# Activity
Write out again, exactly, the lines below starting at the one with "N female connector" and ending at the one with "Cockpit HeatShields, Pitot".
***** Input records
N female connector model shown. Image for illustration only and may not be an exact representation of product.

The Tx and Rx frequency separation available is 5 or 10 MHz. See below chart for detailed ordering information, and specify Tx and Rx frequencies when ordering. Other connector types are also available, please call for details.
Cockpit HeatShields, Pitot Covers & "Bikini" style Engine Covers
**********
***** Input records
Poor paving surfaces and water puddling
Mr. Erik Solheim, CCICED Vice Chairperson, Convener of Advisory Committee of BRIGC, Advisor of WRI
**********
***** Input records
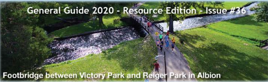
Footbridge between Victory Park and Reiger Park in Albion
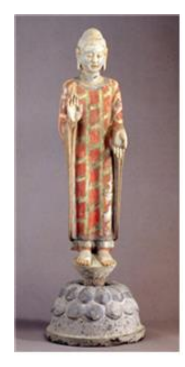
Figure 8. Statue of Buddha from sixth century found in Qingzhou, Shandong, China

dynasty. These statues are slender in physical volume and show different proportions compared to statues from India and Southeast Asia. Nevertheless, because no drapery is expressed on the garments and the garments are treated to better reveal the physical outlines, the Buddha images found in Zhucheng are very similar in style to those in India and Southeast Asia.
**********
# Completed exercise
N female connector model shown. Image for illustration only and may not be an exact representation of product.

The Tx and Rx frequency separation available is 5 or 10 MHz. See below chart for detailed ordering information, and specify Tx and Rx frequencies when ordering. Other connector types are also available, please call for details.
Cockpit HeatShields, Pitot Covers & "Bikini" style Engine Covers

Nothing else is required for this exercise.